[Try it]:
Omit the images and retype the records verbatim.

Extracted records
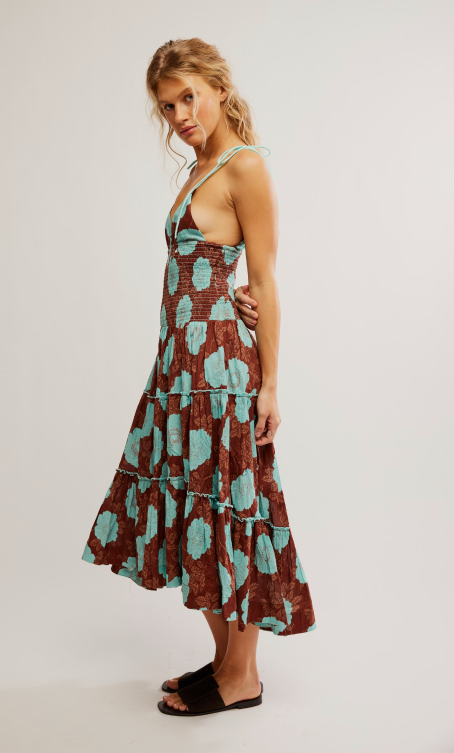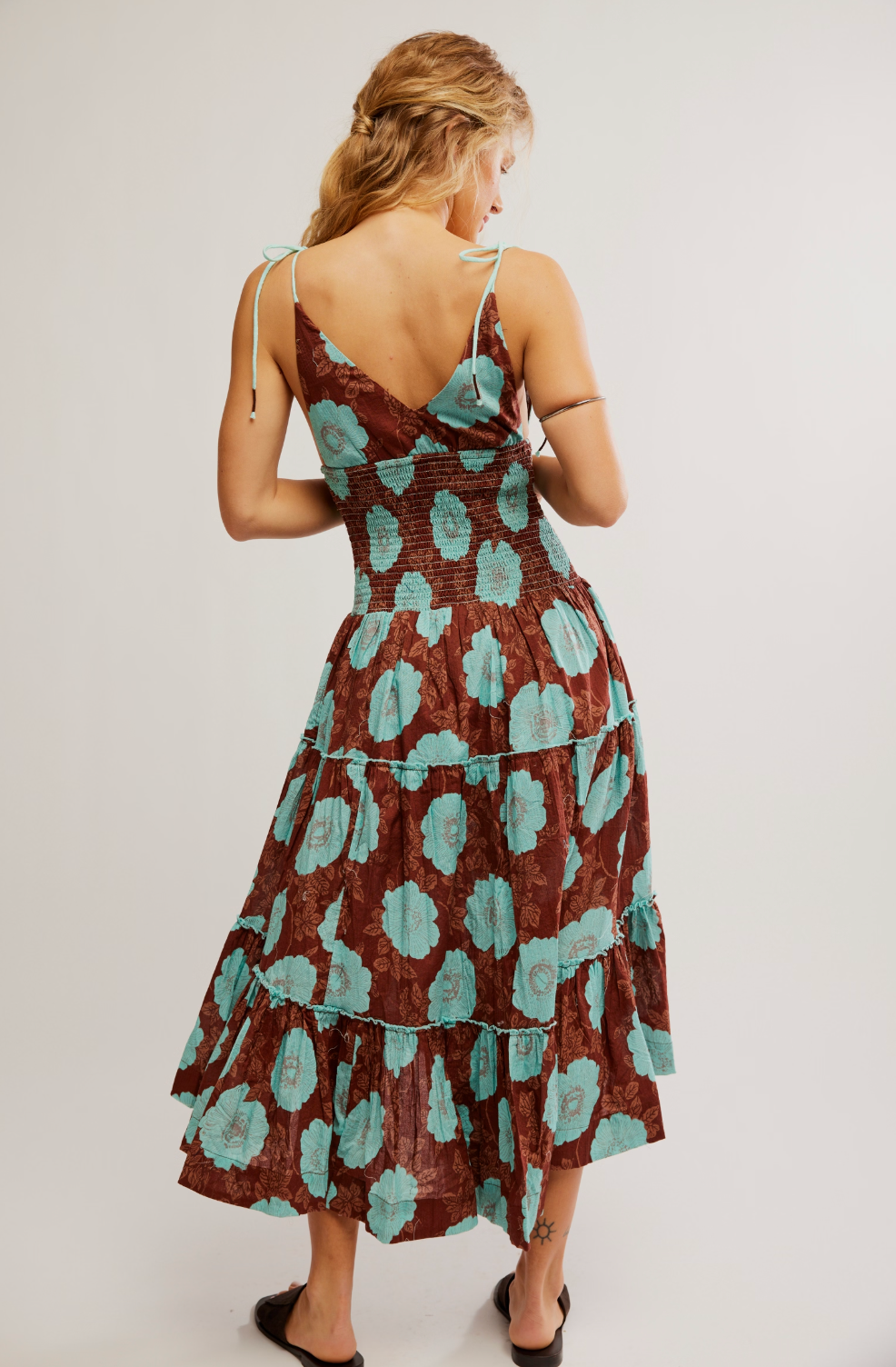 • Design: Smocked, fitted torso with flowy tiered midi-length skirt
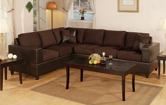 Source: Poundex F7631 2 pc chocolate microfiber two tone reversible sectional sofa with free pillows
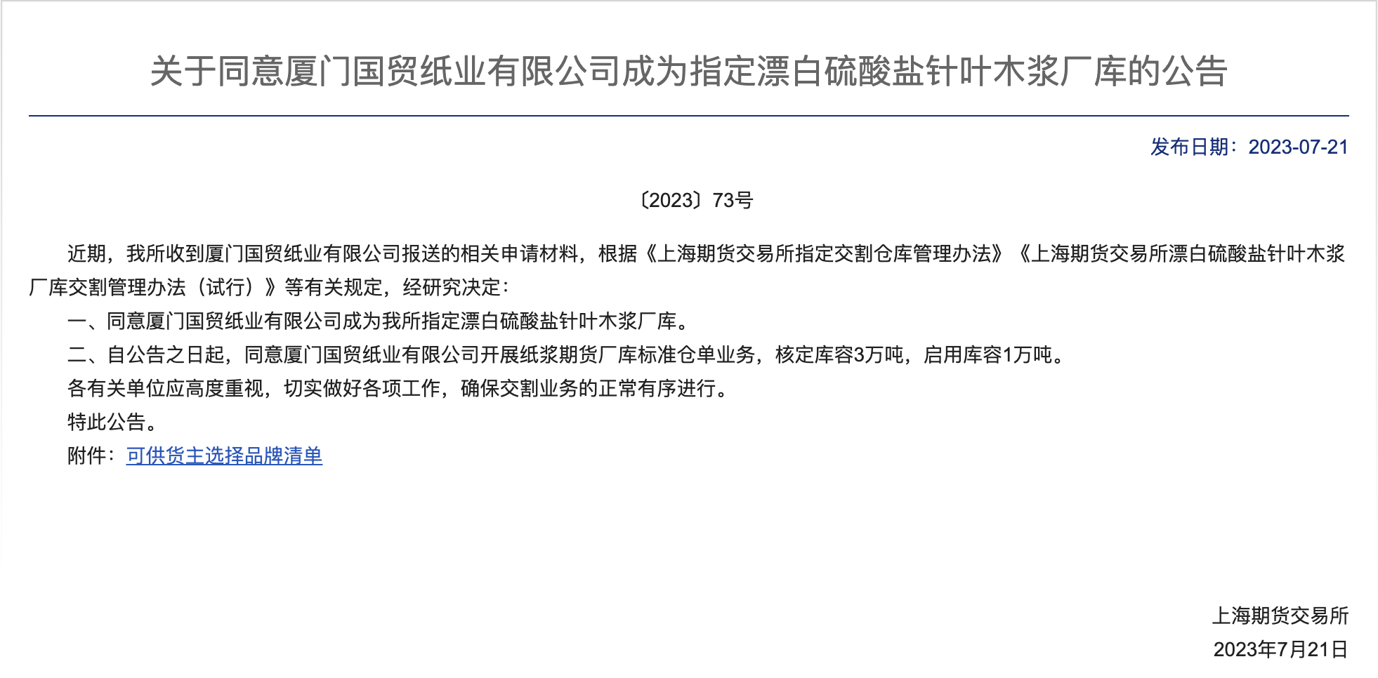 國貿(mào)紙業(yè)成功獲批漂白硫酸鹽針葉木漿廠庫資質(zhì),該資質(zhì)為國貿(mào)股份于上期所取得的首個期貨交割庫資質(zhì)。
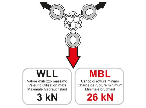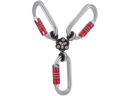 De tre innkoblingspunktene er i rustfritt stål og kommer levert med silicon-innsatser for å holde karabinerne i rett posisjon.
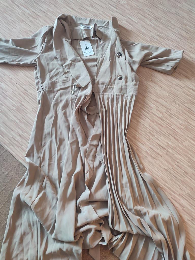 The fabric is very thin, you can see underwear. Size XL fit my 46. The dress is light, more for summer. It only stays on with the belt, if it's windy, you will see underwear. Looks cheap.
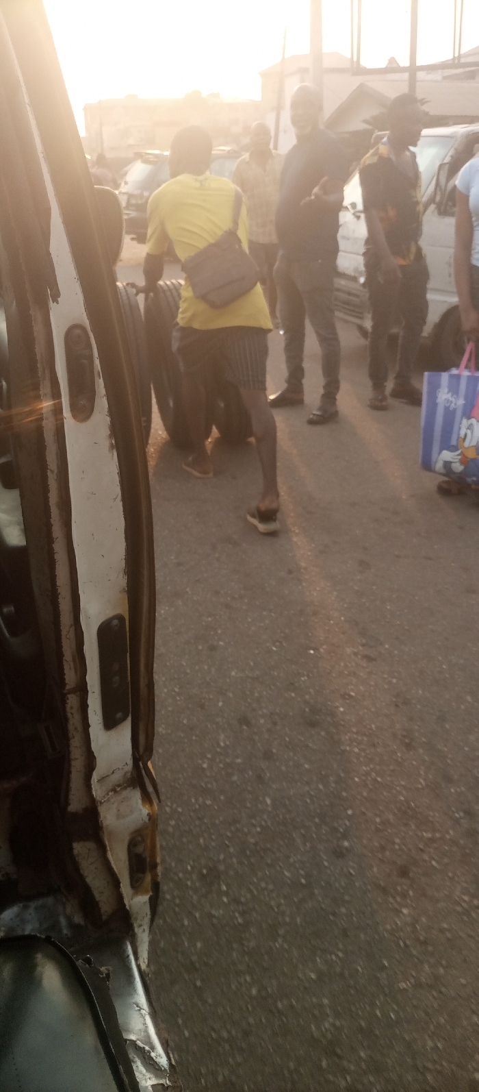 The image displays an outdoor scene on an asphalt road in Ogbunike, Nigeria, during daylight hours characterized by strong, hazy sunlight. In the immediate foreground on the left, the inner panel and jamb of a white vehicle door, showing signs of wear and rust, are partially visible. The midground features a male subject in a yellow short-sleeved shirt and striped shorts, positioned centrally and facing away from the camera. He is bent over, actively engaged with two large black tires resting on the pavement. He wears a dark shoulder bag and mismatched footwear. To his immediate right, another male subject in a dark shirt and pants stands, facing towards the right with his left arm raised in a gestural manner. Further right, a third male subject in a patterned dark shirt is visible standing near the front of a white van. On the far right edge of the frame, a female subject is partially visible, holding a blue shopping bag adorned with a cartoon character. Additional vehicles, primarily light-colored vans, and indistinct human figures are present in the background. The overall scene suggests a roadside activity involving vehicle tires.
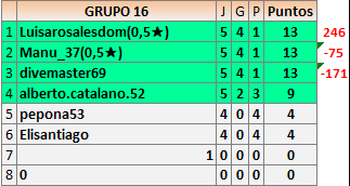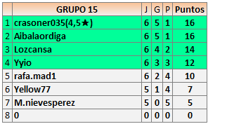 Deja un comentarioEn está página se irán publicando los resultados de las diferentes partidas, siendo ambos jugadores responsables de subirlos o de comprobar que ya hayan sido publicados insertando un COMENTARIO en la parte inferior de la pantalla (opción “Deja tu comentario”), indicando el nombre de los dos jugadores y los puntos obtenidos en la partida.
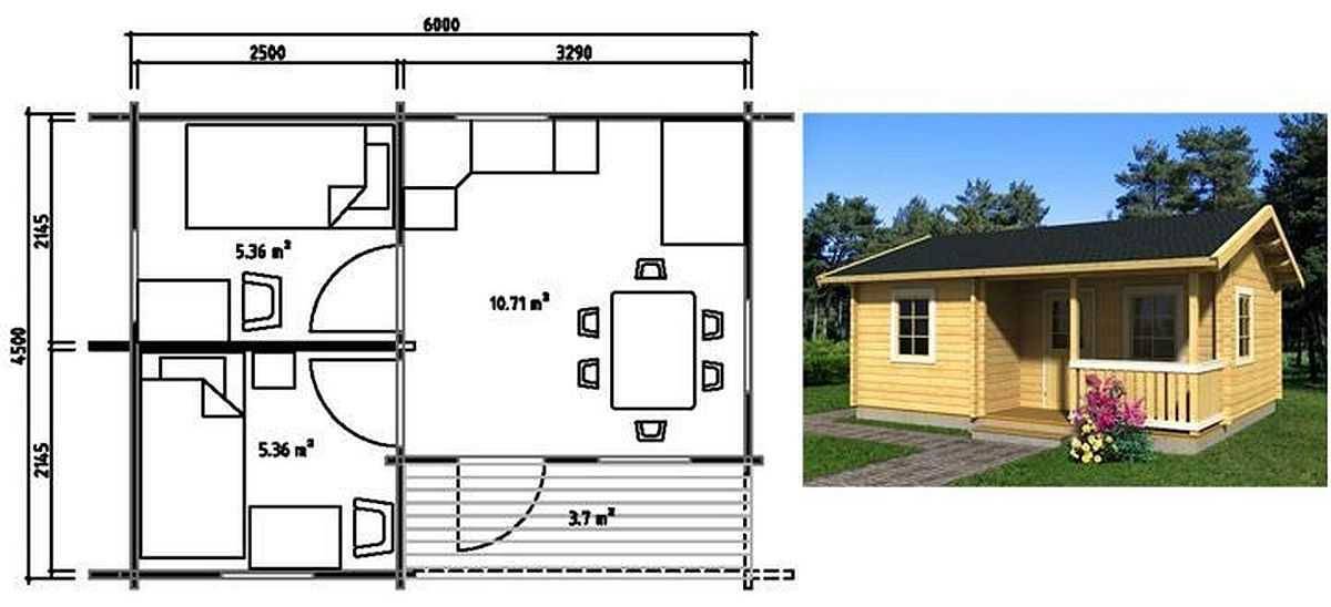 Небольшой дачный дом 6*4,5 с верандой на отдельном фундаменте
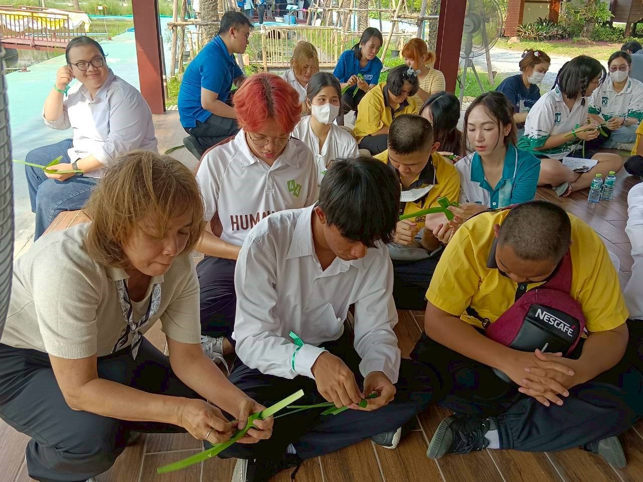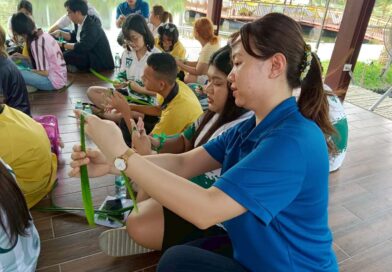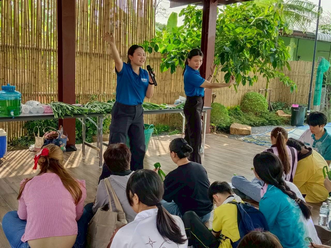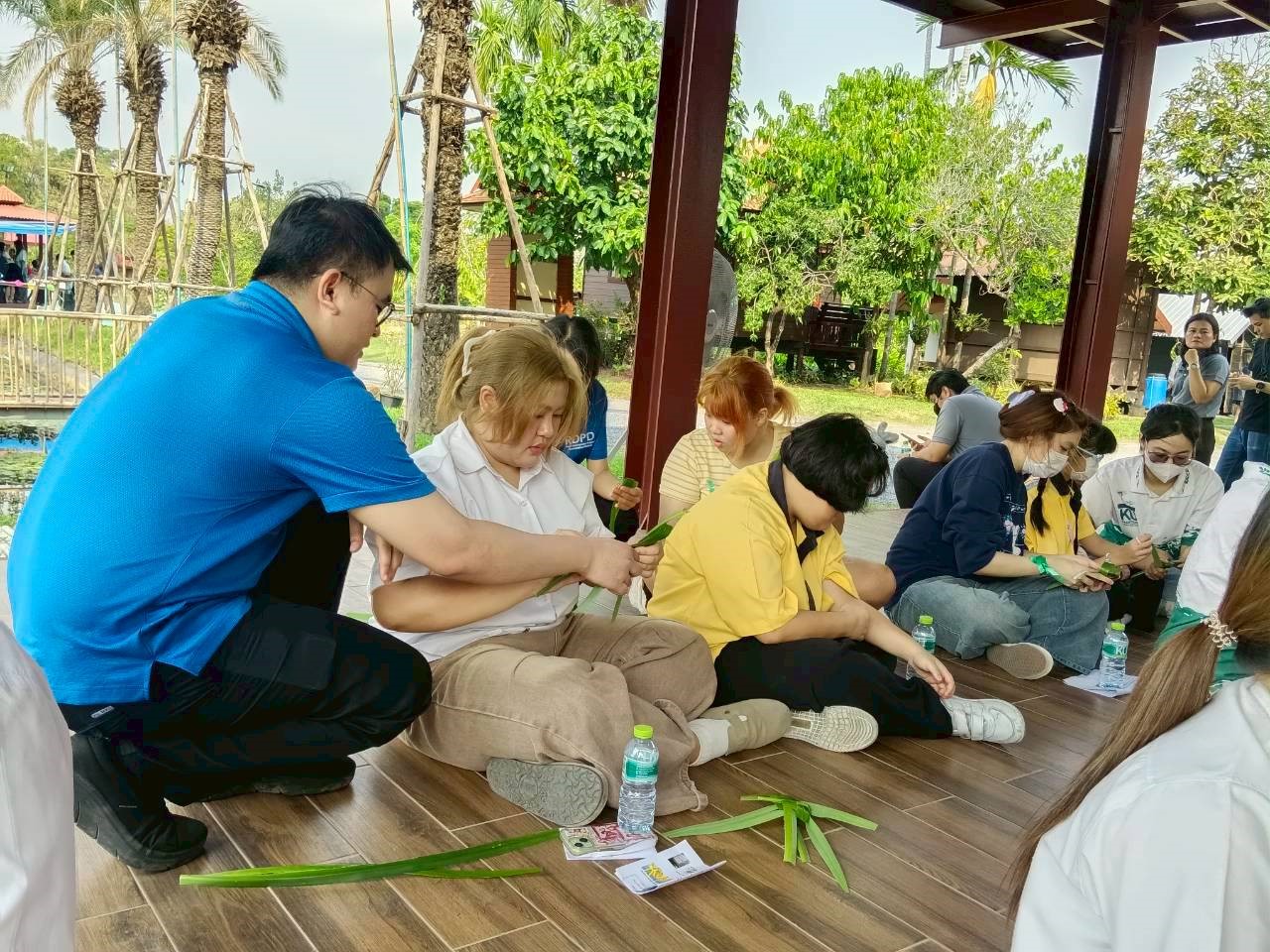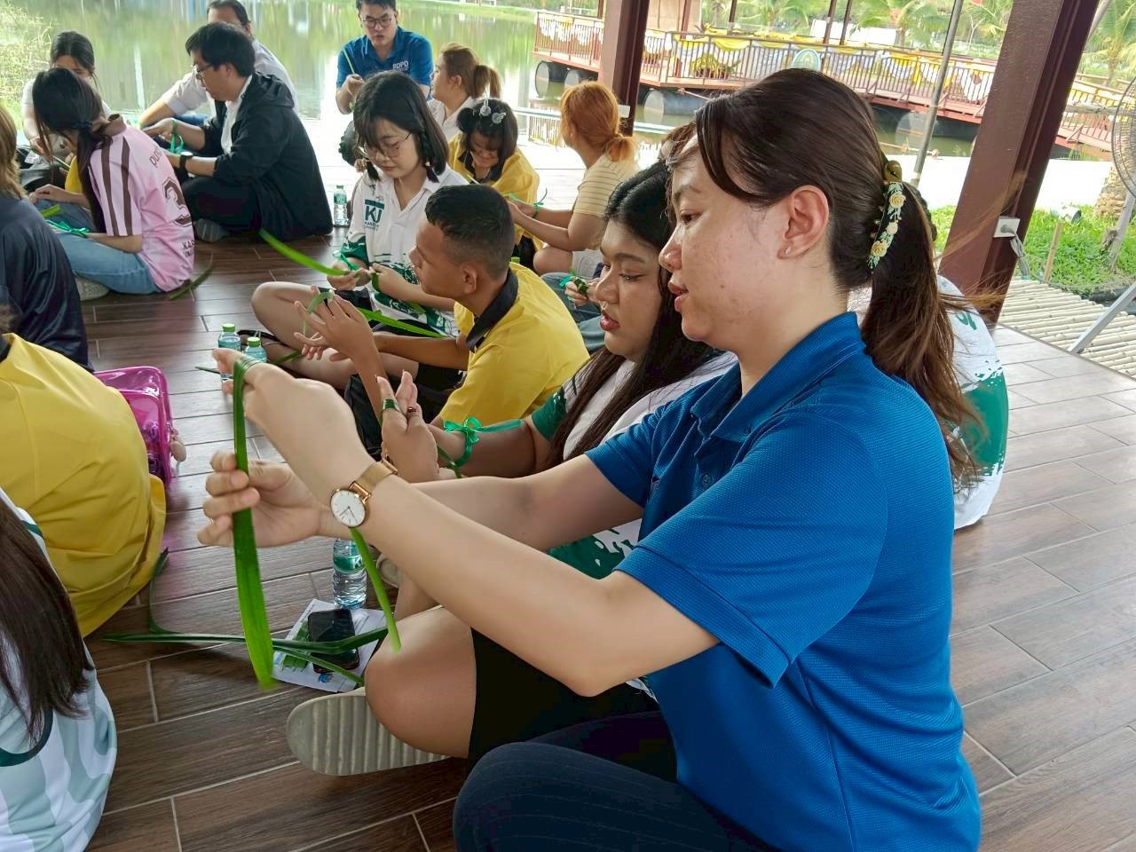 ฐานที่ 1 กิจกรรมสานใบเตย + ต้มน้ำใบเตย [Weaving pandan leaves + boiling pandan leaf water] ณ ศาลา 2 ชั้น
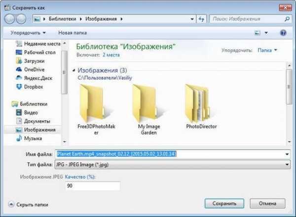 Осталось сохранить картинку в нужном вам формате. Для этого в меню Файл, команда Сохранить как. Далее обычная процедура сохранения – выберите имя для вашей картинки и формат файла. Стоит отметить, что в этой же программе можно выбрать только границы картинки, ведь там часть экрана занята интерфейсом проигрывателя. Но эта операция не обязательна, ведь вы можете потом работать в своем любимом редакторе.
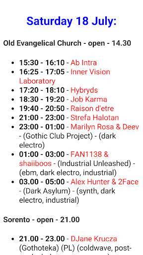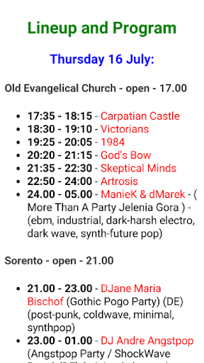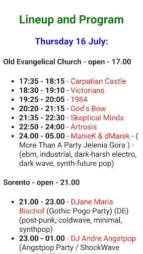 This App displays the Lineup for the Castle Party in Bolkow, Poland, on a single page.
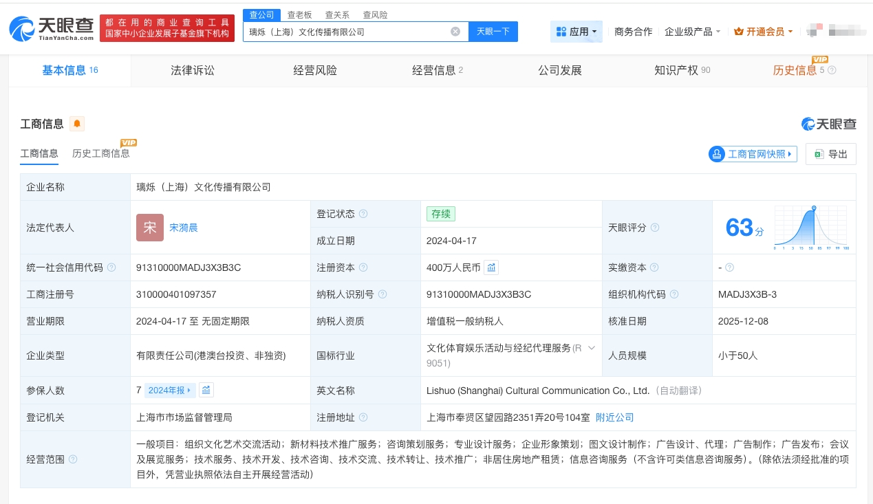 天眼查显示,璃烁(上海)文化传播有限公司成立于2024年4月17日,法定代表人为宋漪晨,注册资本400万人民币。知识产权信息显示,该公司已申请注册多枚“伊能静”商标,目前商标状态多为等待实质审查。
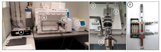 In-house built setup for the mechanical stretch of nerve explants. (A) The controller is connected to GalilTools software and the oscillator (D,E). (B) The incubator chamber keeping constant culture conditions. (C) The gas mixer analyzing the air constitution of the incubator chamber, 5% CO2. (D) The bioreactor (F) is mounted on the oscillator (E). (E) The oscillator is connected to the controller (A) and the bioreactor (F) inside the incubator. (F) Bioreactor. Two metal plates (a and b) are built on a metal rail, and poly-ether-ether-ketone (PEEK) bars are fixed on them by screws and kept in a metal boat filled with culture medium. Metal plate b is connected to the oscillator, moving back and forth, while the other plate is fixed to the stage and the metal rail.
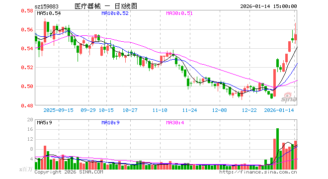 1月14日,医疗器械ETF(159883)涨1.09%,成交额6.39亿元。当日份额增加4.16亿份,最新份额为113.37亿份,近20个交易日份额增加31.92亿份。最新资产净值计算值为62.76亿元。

[Result for this task]:
 • Design: Smocked, fitted torso with flowy tiered midi-length skirt
 Source: Poundex F7631 2 pc chocolate microfiber two tone reversible sectional sofa with free pillows
 國貿(mào)紙業(yè)成功獲批漂白硫酸鹽針葉木漿廠庫資質(zhì),該資質(zhì)為國貿(mào)股份于上期所取得的首個期貨交割庫資質(zhì)。
 De tre innkoblingspunktene er i rustfritt stål og kommer levert med silicon-innsatser for å holde karabinerne i rett posisjon.
 The fabric is very thin, you can see underwear. Size XL fit my 46. The dress is light, more for summer. It only stays on with the belt, if it's windy, you will see underwear. Looks cheap.
 The image displays an outdoor scene on an asphalt road in Ogbunike, Nigeria, during daylight hours characterized by strong, hazy sunlight. In the immediate foreground on the left, the inner panel and jamb of a white vehicle door, showing signs of wear and rust, are partially visible. The midground features a male subject in a yellow short-sleeved shirt and striped shorts, positioned centrally and facing away from the camera. He is bent over, actively engaged with two large black tires resting on the pavement. He wears a dark shoulder bag and mismatched footwear. To his immediate right, another male subject in a dark shirt and pants stands, facing towards the right with his left arm raised in a gestural manner. Further right, a third male subject in a patterned dark shirt is visible standing near the front of a white van. On the far right edge of the frame, a female subject is partially visible, holding a blue shopping bag adorned with a cartoon character. Additional vehicles, primarily light-colored vans, and indistinct human figures are present in the background. The overall scene suggests a roadside activity involving vehicle tires.
 Deja un comentarioEn está página se irán publicando los resultados de las diferentes partidas, siendo ambos jugadores responsables de subirlos o de comprobar que ya hayan sido publicados insertando un COMENTARIO en la parte inferior de la pantalla (opción “Deja tu comentario”), indicando el nombre de los dos jugadores y los puntos obtenidos en la partida.
 Небольшой дачный дом 6*4,5 с верандой на отдельном фундаменте
 ฐานที่ 1 กิจกรรมสานใบเตย + ต้มน้ำใบเตย [Weaving pandan leaves + boiling pandan leaf water] ณ ศาลา 2 ชั้น
 Осталось сохранить картинку в нужном вам формате. Для этого в меню Файл, команда Сохранить как. Далее обычная процедура сохранения – выберите имя для вашей картинки и формат файла. Стоит отметить, что в этой же программе можно выбрать только границы картинки, ведь там часть экрана занята интерфейсом проигрывателя. Но эта операция не обязательна, ведь вы можете потом работать в своем любимом редакторе.
 This App displays the Lineup for the Castle Party in Bolkow, Poland, on a single page.
 天眼查显示,璃烁(上海)文化传播有限公司成立于2024年4月17日,法定代表人为宋漪晨,注册资本400万人民币。知识产权信息显示,该公司已申请注册多枚“伊能静”商标,目前商标状态多为等待实质审查。
 In-house built setup for the mechanical stretch of nerve explants. (A) The controller is connected to GalilTools software and the oscillator (D,E). (B) The incubator chamber keeping constant culture conditions. (C) The gas mixer analyzing the air constitution of the incubator chamber, 5% CO2. (D) The bioreactor (F) is mounted on the oscillator (E). (E) The oscillator is connected to the controller (A) and the bioreactor (F) inside the incubator. (F) Bioreactor. Two metal plates (a and b) are built on a metal rail, and poly-ether-ether-ketone (PEEK) bars are fixed on them by screws and kept in a metal boat filled with culture medium. Metal plate b is connected to the oscillator, moving back and forth, while the other plate is fixed to the stage and the metal rail.
 1月14日,医疗器械ETF(159883)涨1.09%,成交额6.39亿元。当日份额增加4.16亿份,最新份额为113.37亿份,近20个交易日份额增加31.92亿份。最新资产净值计算值为62.76亿元。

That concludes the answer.